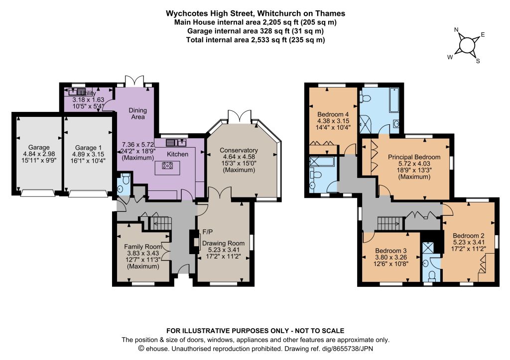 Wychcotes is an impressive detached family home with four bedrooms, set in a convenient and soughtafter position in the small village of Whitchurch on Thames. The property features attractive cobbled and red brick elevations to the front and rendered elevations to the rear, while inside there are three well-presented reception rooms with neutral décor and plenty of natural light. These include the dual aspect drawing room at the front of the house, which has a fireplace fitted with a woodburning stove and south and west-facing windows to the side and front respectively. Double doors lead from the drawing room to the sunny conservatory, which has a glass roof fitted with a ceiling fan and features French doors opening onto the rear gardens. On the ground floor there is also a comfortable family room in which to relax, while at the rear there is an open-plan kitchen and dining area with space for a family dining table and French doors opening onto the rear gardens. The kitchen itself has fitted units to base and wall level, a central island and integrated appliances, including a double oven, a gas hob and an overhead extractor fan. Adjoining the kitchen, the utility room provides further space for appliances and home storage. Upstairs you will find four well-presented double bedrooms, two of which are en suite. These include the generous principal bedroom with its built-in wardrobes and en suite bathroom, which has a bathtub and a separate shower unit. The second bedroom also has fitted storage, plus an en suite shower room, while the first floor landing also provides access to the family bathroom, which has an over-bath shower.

...

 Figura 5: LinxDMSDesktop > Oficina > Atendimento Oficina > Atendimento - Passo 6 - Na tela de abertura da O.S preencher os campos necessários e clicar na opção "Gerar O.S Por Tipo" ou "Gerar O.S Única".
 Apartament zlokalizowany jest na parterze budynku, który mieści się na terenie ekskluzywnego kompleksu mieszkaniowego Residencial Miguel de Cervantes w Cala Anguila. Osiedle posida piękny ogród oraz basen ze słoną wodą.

§ Exercise objective
In the entries above, find the line holding "Figura 5: LinxDMSDesktop" and the line holding "Apartament zlokalizowany jest"; print both of them and every line between, exactly, and nothing else.

§ Expected output
 Figura 5: LinxDMSDesktop > Oficina > Atendimento Oficina > Atendimento - Passo 6 - Na tela de abertura da O.S preencher os campos necessários e clicar na opção "Gerar O.S Por Tipo" ou "Gerar O.S Única".
 Apartament zlokalizowany jest na parterze budynku, który mieści się na terenie ekskluzywnego kompleksu mieszkaniowego Residencial Miguel de Cervantes w Cala Anguila. Osiedle posida piękny ogród oraz basen ze słoną wodą.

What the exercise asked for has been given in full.